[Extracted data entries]

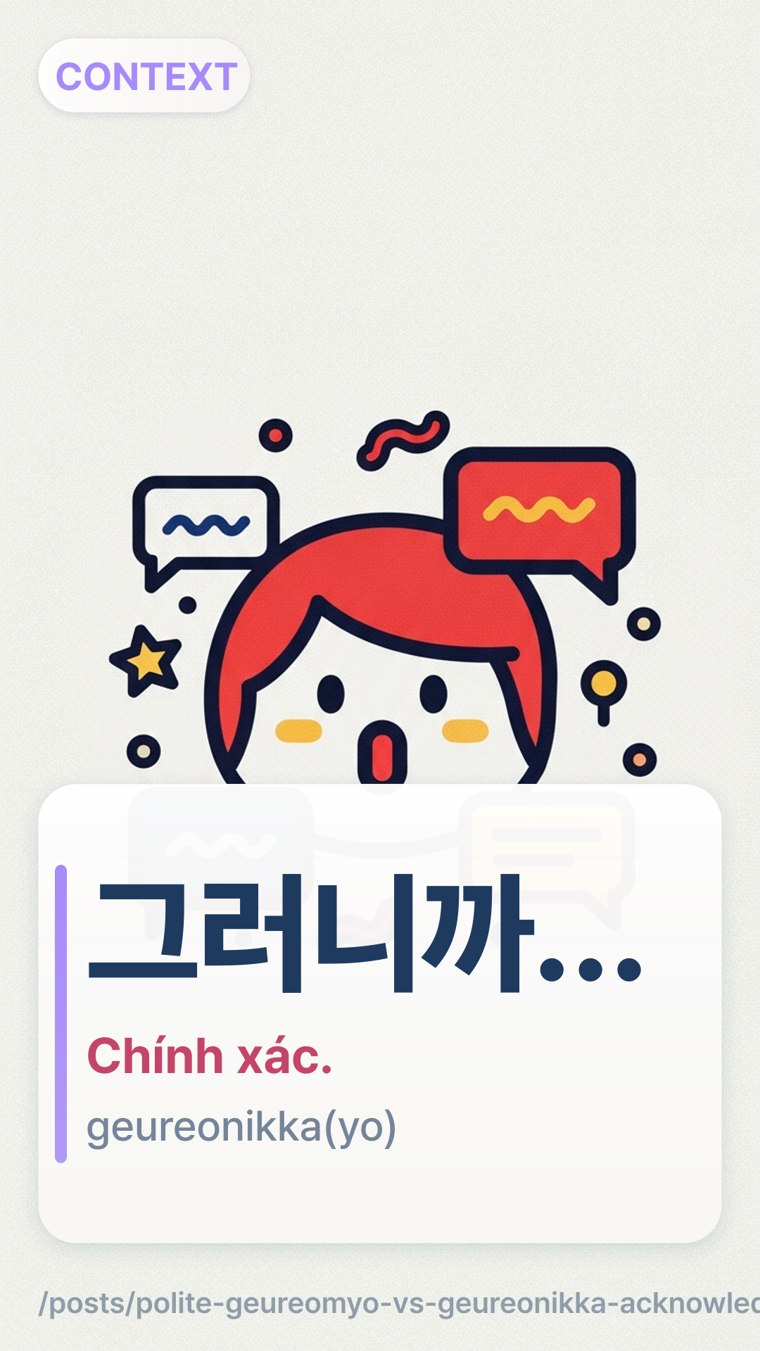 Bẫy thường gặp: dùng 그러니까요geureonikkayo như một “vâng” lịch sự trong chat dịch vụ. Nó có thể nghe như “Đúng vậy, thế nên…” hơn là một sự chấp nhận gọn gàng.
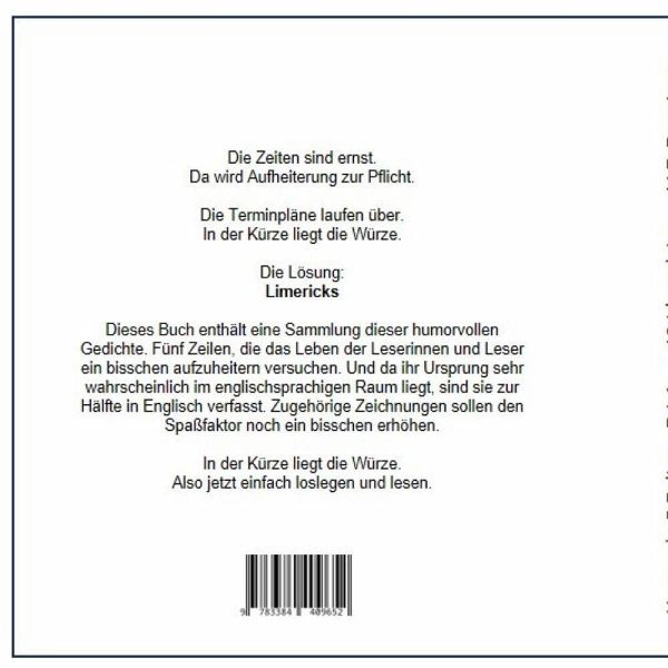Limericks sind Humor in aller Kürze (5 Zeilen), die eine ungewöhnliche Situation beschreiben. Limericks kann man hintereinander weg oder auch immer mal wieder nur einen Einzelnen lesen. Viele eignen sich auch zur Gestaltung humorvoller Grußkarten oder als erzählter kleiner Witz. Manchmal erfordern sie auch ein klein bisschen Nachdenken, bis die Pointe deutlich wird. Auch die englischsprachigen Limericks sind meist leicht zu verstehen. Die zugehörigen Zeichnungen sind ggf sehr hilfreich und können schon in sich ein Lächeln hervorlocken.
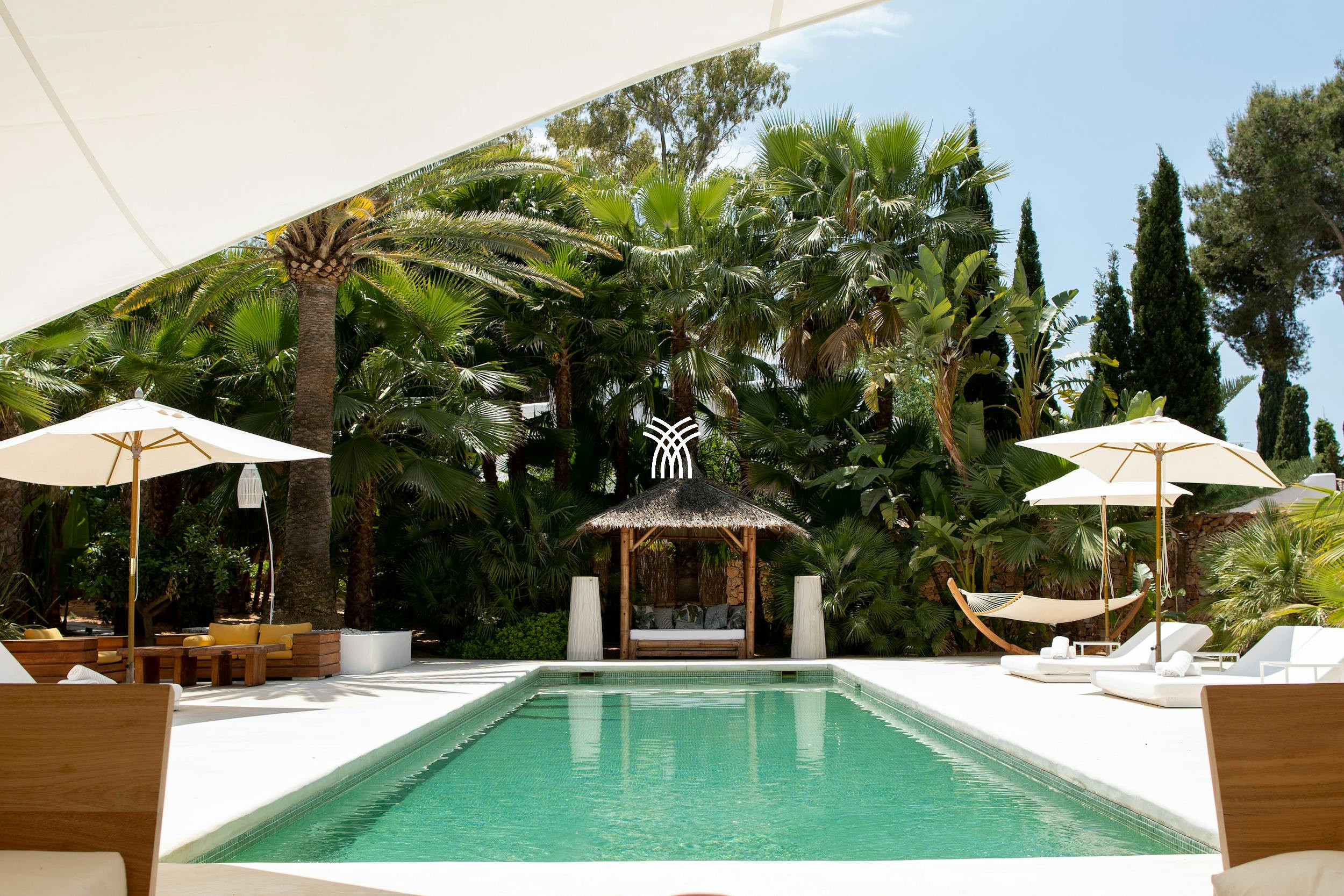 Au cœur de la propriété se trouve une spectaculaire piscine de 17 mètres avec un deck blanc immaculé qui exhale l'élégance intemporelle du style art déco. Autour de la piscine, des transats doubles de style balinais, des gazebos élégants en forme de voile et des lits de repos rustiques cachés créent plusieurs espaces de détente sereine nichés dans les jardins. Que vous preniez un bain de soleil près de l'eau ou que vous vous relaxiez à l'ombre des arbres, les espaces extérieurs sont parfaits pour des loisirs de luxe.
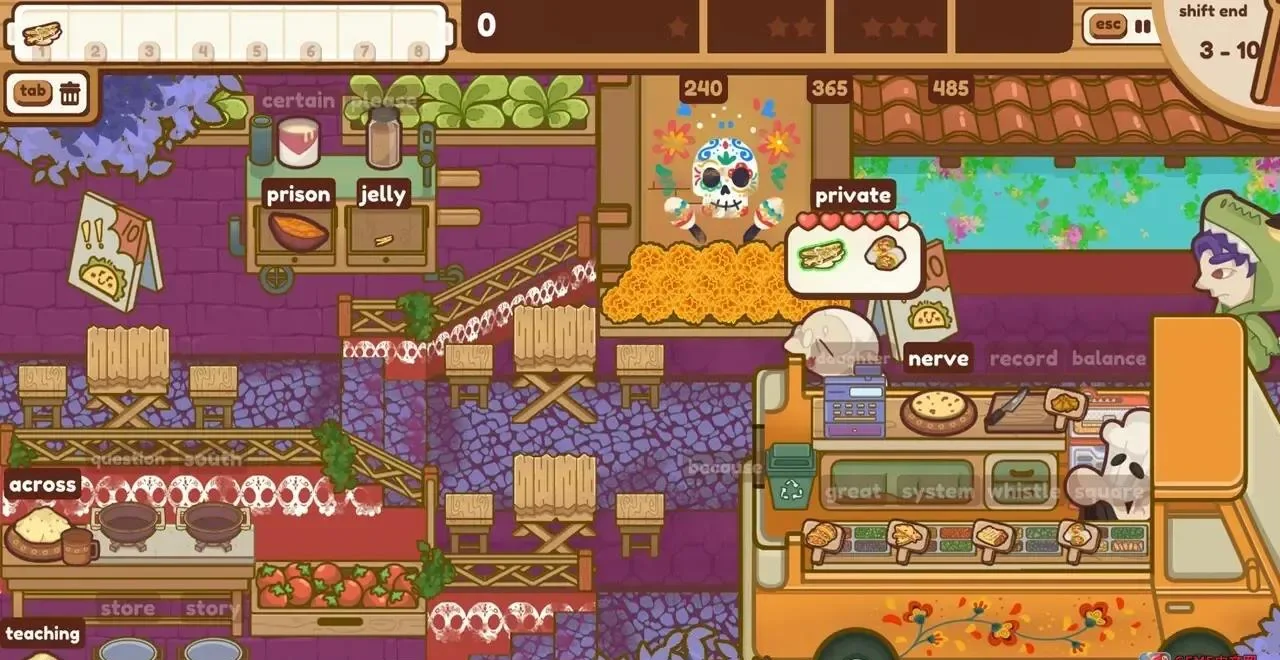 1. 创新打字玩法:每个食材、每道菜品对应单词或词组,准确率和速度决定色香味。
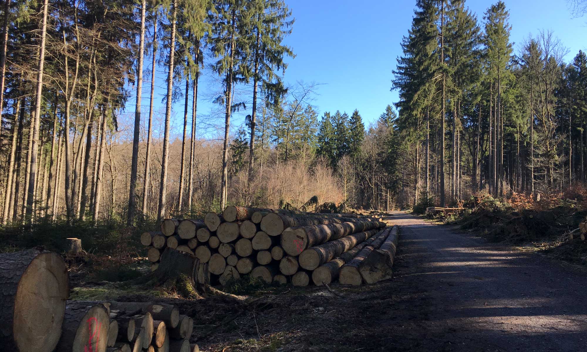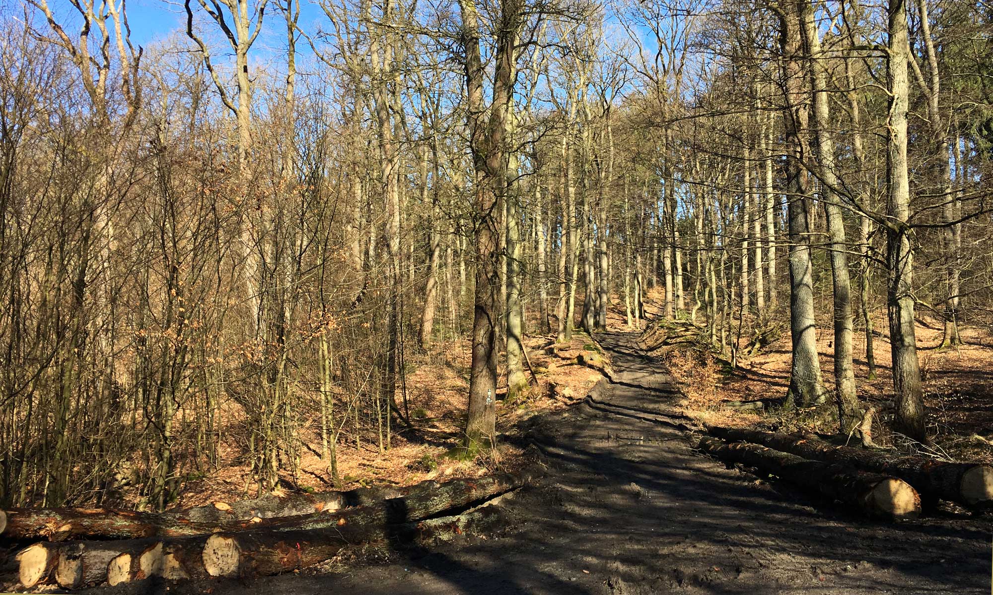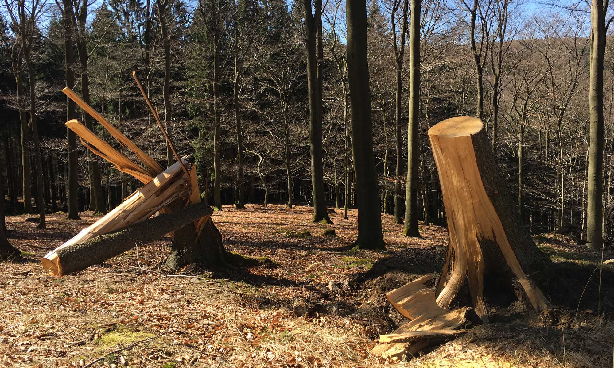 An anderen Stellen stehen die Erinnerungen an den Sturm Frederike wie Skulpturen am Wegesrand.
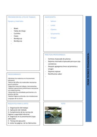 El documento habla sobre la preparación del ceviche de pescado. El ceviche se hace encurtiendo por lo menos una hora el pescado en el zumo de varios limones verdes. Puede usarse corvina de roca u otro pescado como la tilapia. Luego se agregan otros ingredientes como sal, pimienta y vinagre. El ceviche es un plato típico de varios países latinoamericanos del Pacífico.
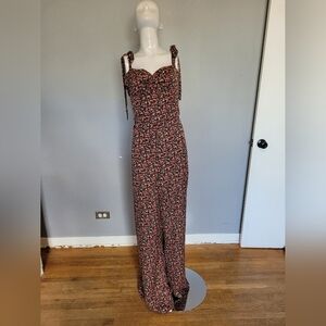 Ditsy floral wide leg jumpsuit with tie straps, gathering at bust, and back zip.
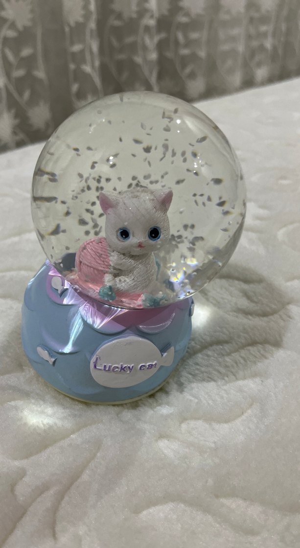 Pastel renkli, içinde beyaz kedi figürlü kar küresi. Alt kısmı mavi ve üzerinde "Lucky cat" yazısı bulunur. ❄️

» **Required work**:
All of the records should be output exactly as they stand, with pictures omitted.

» **Solution for this task**:
 Bẫy thường gặp: dùng 그러니까요geureonikkayo như một “vâng” lịch sự trong chat dịch vụ. Nó có thể nghe như “Đúng vậy, thế nên…” hơn là một sự chấp nhận gọn gàng.
Limericks sind Humor in aller Kürze (5 Zeilen), die eine ungewöhnliche Situation beschreiben. Limericks kann man hintereinander weg oder auch immer mal wieder nur einen Einzelnen lesen. Viele eignen sich auch zur Gestaltung humorvoller Grußkarten oder als erzählter kleiner Witz. Manchmal erfordern sie auch ein klein bisschen Nachdenken, bis die Pointe deutlich wird. Auch die englischsprachigen Limericks sind meist leicht zu verstehen. Die zugehörigen Zeichnungen sind ggf sehr hilfreich und können schon in sich ein Lächeln hervorlocken.
 Au cœur de la propriété se trouve une spectaculaire piscine de 17 mètres avec un deck blanc immaculé qui exhale l'élégance intemporelle du style art déco. Autour de la piscine, des transats doubles de style balinais, des gazebos élégants en forme de voile et des lits de repos rustiques cachés créent plusieurs espaces de détente sereine nichés dans les jardins. Que vous preniez un bain de soleil près de l'eau ou que vous vous relaxiez à l'ombre des arbres, les espaces extérieurs sont parfaits pour des loisirs de luxe.
 1. 创新打字玩法:每个食材、每道菜品对应单词或词组,准确率和速度决定色香味。
 An anderen Stellen stehen die Erinnerungen an den Sturm Frederike wie Skulpturen am Wegesrand.
 El documento habla sobre la preparación del ceviche de pescado. El ceviche se hace encurtiendo por lo menos una hora el pescado en el zumo de varios limones verdes. Puede usarse corvina de roca u otro pescado como la tilapia. Luego se agregan otros ingredientes como sal, pimienta y vinagre. El ceviche es un plato típico de varios países latinoamericanos del Pacífico.
 Ditsy floral wide leg jumpsuit with tie straps, gathering at bust, and back zip.
 Pastel renkli, içinde beyaz kedi figürlü kar küresi. Alt kısmı mavi ve üzerinde "Lucky cat" yazısı bulunur. ❄️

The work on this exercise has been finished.